As with any understudy announcements, the audience are automatically affected by the news. They no longer have the same open mind, they are already expecting the piece to be below the standards they were hoping for. The atmosphere in the theatre changed, and that’s a tough house to play to.

But never in my (albeit short) theatrical career have I seen an ensemble pull together and pour so much energy, commitment and love into a show. The Invisible Man isn’t particularly emotionally deep, it isn’t moving or overly powerful, but of everything I’ve seen this week it has touched me the most. This wonderful company knew that they had a full house, a paying audience, and that therefore they had to pull a truly special performance out of the bag. The Invisible Man is packed with pace, rhythm, specific timings and theatrical tricks. It’s a tough show to perform, very physical, with quick changes in tone, atmosphere and costume. The energy that this cast mustered, and the huge success of the performance, reminded me exactly why I work in theatre. Theatre is a living and breathing thing, and every single performance, every single moment of a show is unique.

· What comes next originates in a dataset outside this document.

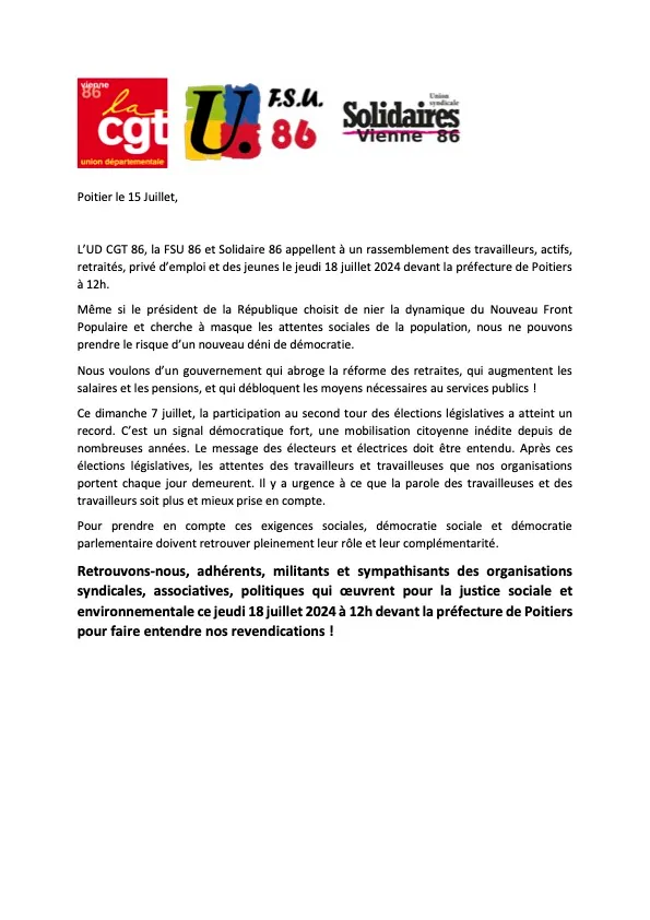 Ci-joint le tract commun CGT86, FSU86, Solidaires86 qui appellent à un rassemblement des travailleurs, actifs, retraités, privé d’emploi et des jeunes le jeudi 18 juillet 2024 devant la préfecture de Poitiers à 12h.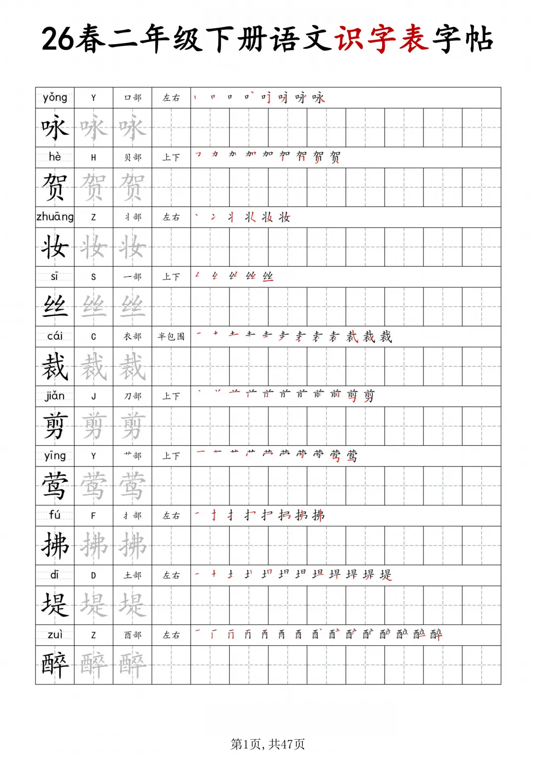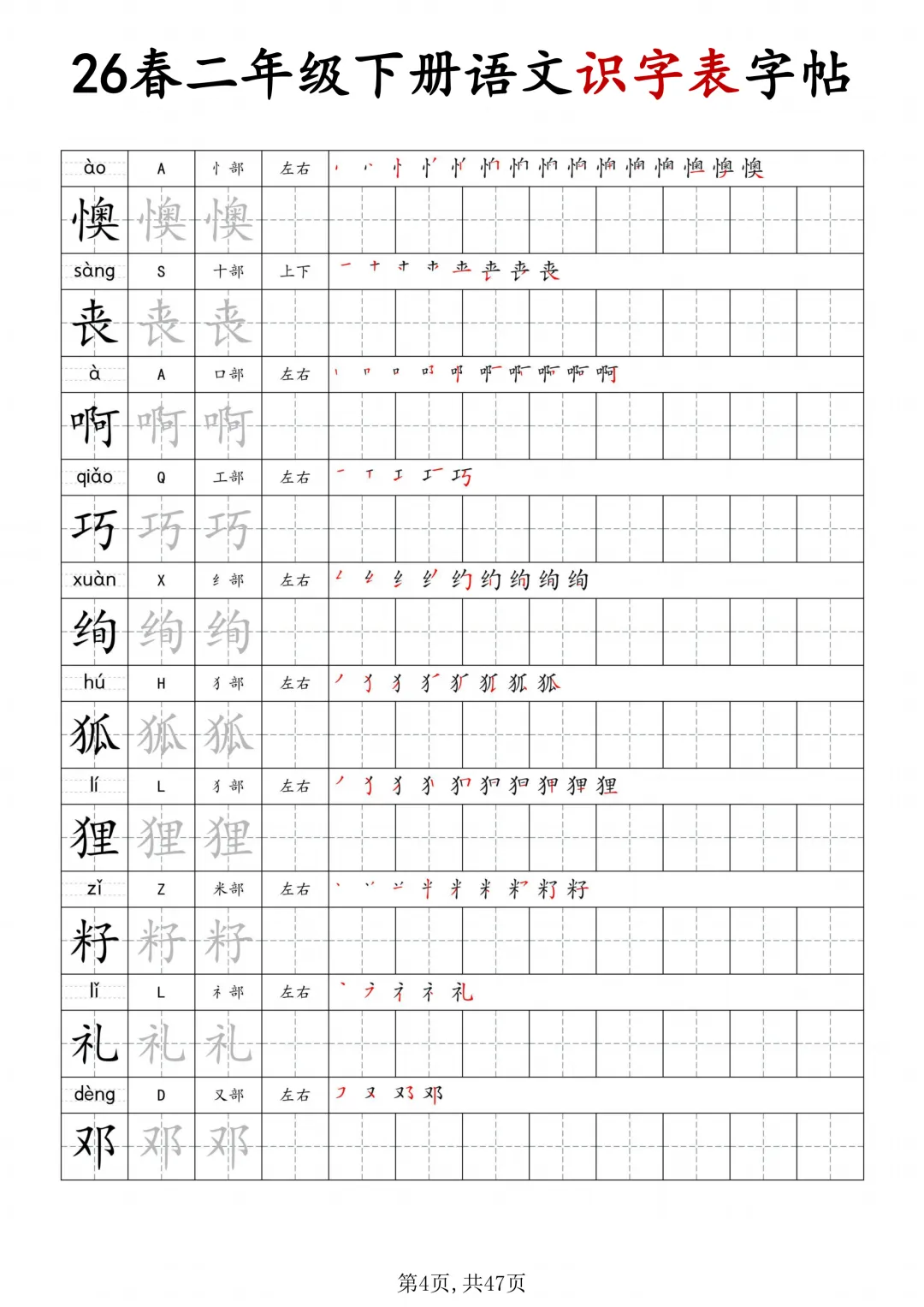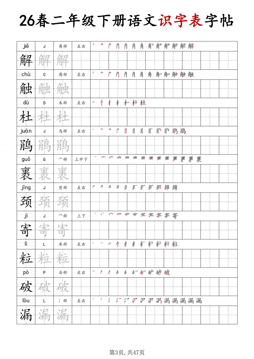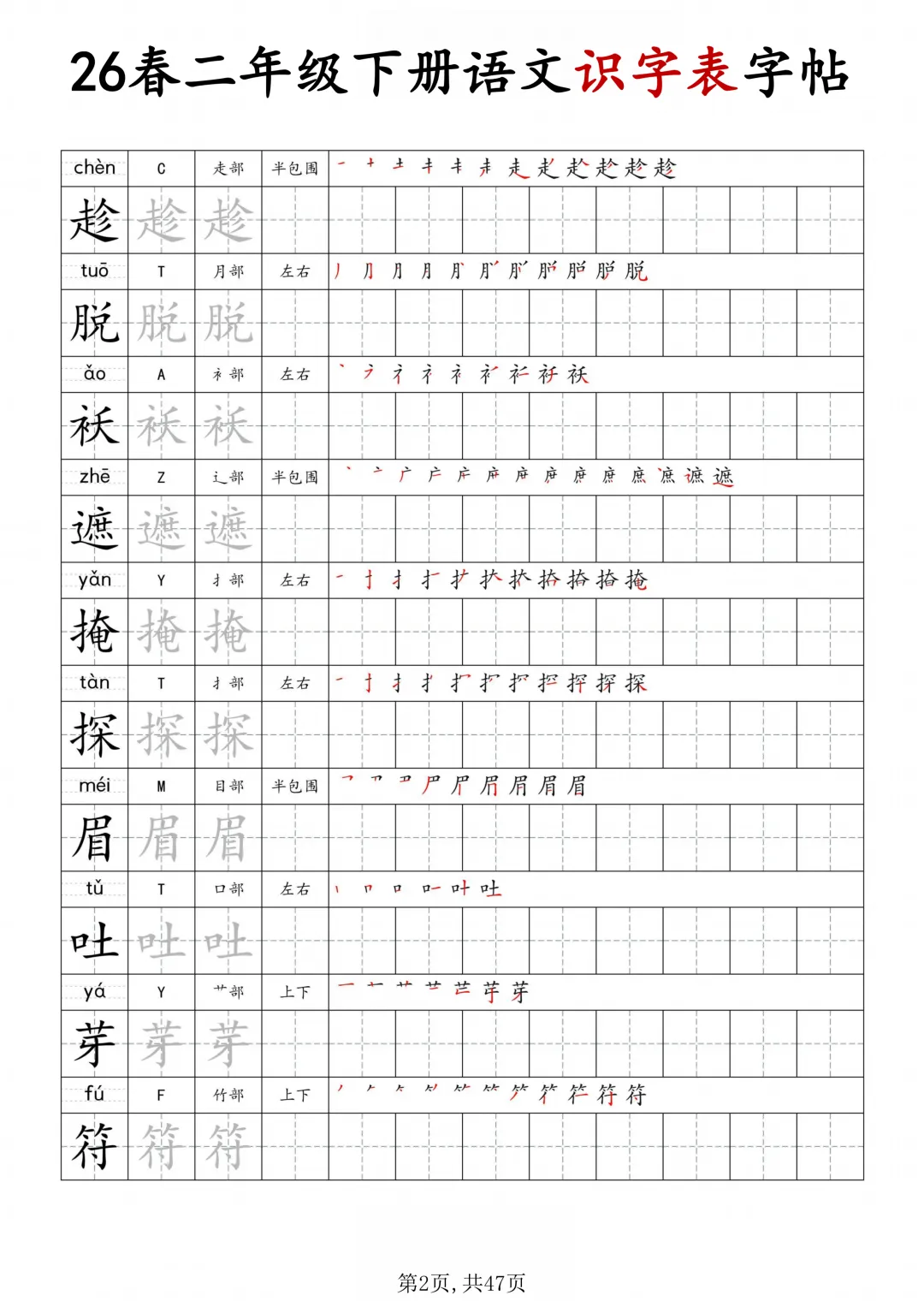 二年级下册语文识字表字帖(电子版可打印)

I got home and immediately started writing an application for a Grant for the Arts. It suddenly clicked why I care so much about theatre, and why FreeRange matters to me. It certainly isn’t about the money, nobody in the company makes a penny. It isn’t to boost my ego or for any personal gain. It’s to do something special, it’s to grab an audience and drag them along on a journey with us. This journey isn’t just about us growing as a company, and about me learning through experience, it’s about the living, breathing power of theatre, about harnessing it and using it to change lives. Maybe I can’t do that much, maybe our work won’t ever change somebody’s life, but that’s what we have to strive for, and that’s why I do it.

This week FreeRange Productions can announce that we are booked to perform two shows on Saturday 30 April at Leicester Square Theatre in London. I will of course post when tickets go on sale, and when I can talk more about the productions, but for now my key advice for anybody in my position is not to despair. Despair in theatre is a crime! We’re the generation which is working under harsh arts cuts, and the next 20 years aren’t going to be easy. But stick to what matters, and remember why you love theatre. Rise above the ridiculousness of the cuts, and of any other pressures, and focus on what’s important. That way, creativity won’t get blocked, and maybe, on a personal level, theatre can truly be therapy.